Also, do plyometric exercises for fast twitch muscles. Jumping height is generated from your quads and from the fast twitch muscles in your calves. Using jumps from one foot to the other, or up stairs on one foot will help. You can get some platform shoes (not the heels, the ones that go on sneakers) that basketball players use, but I don't know how much that would help on skates.

On skates, you want to practice using your whole body to get height. Your arms and abs pull you higher. Then you want to bring your legs up and in, depending if you are just jumping, or jumping over something.

Finally, put an obstacle in your path for you to jump over (WEARING ALL YOUR PADS AND HELMETS) and keep practicing to get over the mental element that keeps you from going high. As you feel comfortable with it, raise the height of the obstacle gradually.
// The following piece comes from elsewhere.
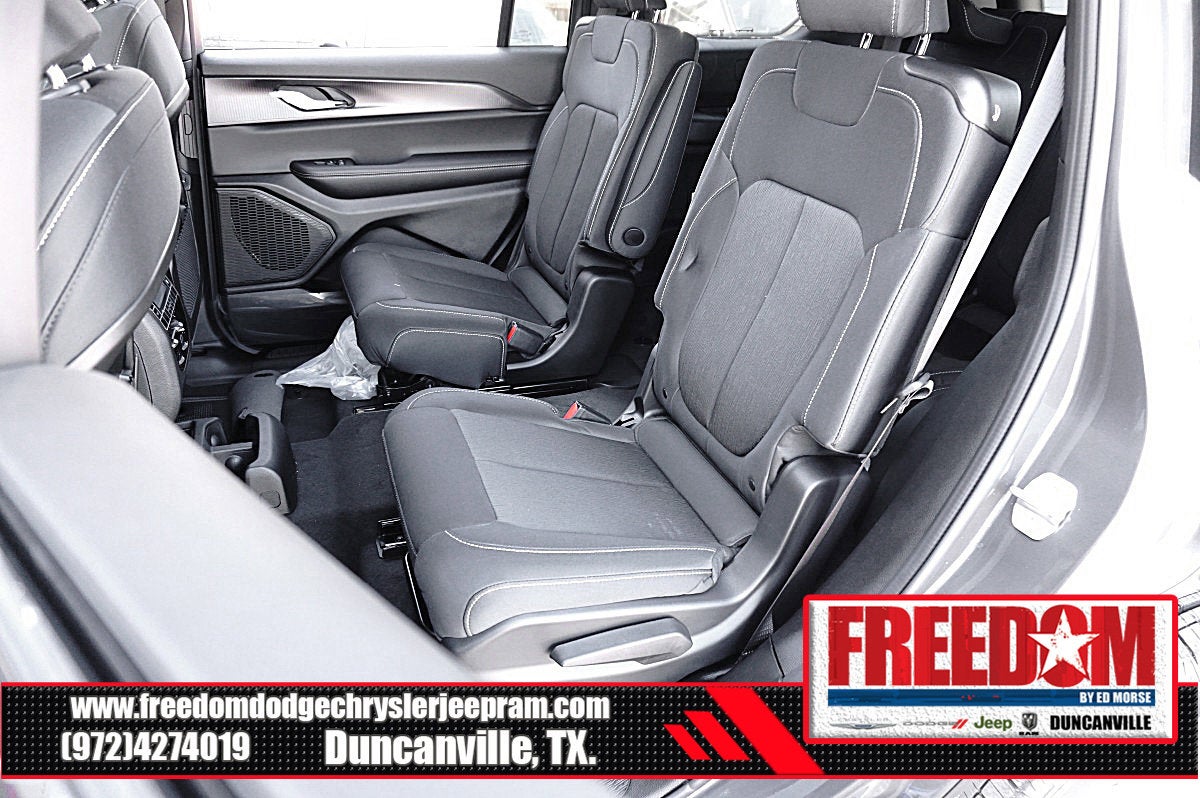 Big cash and no payments for 90 days! Our only Dealership add is GREAT CUSTOMER SERVICE. Real Deals, No Games and No Surprises. Price Includes only Rebates EVERYONE Qualifies for. We Make it Easy No Games. Equipped with Quick Order Package 23D Laredo X (Laredo X and Power Sunroof), 3.45 Rear Axle Ratio, 3rd row seats: split-bench, 4-Wheel Disc Brakes, 6 Speakers, ABS brakes, Air Conditioning, Alloy wheels, AM/FM radio: SiriusXM, Anti-whiplash front head restraints, Automatic temperature control, Brake assist, Bumpers: body-color, Cloth Seats, Compass, Delay-off headlights, Driver door bin, Driver vanity mirror, Dual front impact airbags, Dual front side impact airbags, Electronic Stability Control, Emergency communication system, Four wheel independent suspension, Front anti-roll bar, Front Bucket Seats, Front Center Armrest w/Storage, Front dual zone A/C, Front License Plate Bracket, Front reading lights, Fully automatic headlights, Heated door mirrors, Illuminated entry, Knee airbag, Low tire pressure warning, Manual Fold Seatbacks, Model Year Tracking, Normal Duty Suspension, Occupant sensing airbag, Outside temperature display, Overhead airbag, Overhead console, Panic alarm, ParkView Rear Back-Up Camera, Passenger door bin, Passenger vanity mirror, Power door mirrors, Power driver seat, Power steering, Power windows, Radio data system, Radio: Uconnect 5 w/8.4 Display, Rear air conditioning, Rear anti-roll bar, Rear reading lights, Rear window defroster, Rear window wiper, Reclining 3rd row seat, Remote keyless entry, Security system, Speed control, Speed-Sensitive Wipers, Split folding rear seat, Spoiler, Steering wheel mounted audio controls, Tachometer, Telescoping steering wheel, Tilt steering wheel, Traction control, Trip computer, Variably intermittent wipers, Voltmeter, and Wheels: 18 x 8.0 Fully Painted Aluminum Freedom uses very reasonable effort to ensure the accuracy of information, we are not responsible for any errors or omissions contained on these pages. Please verify any information in question with Freedom Chrysler Dodge Jeep Ram * Images, prices, and options shown, including vehicle color, trim, options, pricing and other specifications are subject to availability, incentive offerings, current pricing and credit worthiness. * MSRP is the Manufacturer's Suggested Retail Price (MSRP) of the vehicle. It does not include any taxes, fees or other charges. Pricing and availability may vary based on a variety of factors, including options, dealer, specials, fees, and financing qualifications. Consult your dealer for actual price and complete details. Vehicles shown may have optional equipment at an additional cost. * The estimated selling price that appears after calculating dealer offers is for informational purposes, only. You may not qualify for the offers, incentives, discounts, or financing. Not all rebates are compatible with each other. Offers, incentives, discounts, or financing are subject to expiration and other restrictions. See dealer for qualifications and complete details. * In transit means that vehicles have been built but have not yet arrived at your dealer. Images shown may not necessarily represent identical vehicles in transit to the dealership. See dealer for actual price, payments and complete details. EPA Estimates are only estimating. Tax, title, license (unless itemized above) are extra. Not available with special finance, lease and some other offers. Price includes: $1500 - 2025 National Stellantis Loyalty Retail Bonus Cash . Exp. 02/02/2026 $2500 - 2025 National Retail Bonus Cash . Exp. 02/02/2026

We practice jumping over cones, a bar on stands like a linbo bar, and of course, people laying on the ground. You are really motivated to jump high enough not to kick or kill them, especially if they are friends!
Thanks! You can also get a grind rail, just that wont move if you miss lol. Thats what I'm working on. Need to get up a foot high, thats my goal.

I think my freakin hip flexors need strengthening. Cause once I get speed for the height on the ramps, its mostly lugging my knees way up. So what I'm doing is sitting on the very edge of my table with my body almost perpendicular to the ground and have 10 lb weights on each foot. I then bring my knees up to my chest and crunch up. I also do a lot of sit ups now lowering legs to the ground, etc. I'll get there!

So 100 a day? No rest? I'll do it if it works!!! But no rest? Usually I do strength stuff every other day so I know I can go full out and recover. Yes, need to put on the calender a day or two to run, plyos, jumps etc. For some reason when I say I'll do it, thats the day I take off lol. OK, no more!!!! So how often for the plyos? Thanks!! I'll be in derby shape for the ramps in no time lol.

BTW, I saw something on jumpsoles-platform shoes. Just I dont think that would really apply to skating. The foot is kinda flat for the most part.

Oh Azzy, sorry for hijacking your thread lol! I cant stick to a topic really.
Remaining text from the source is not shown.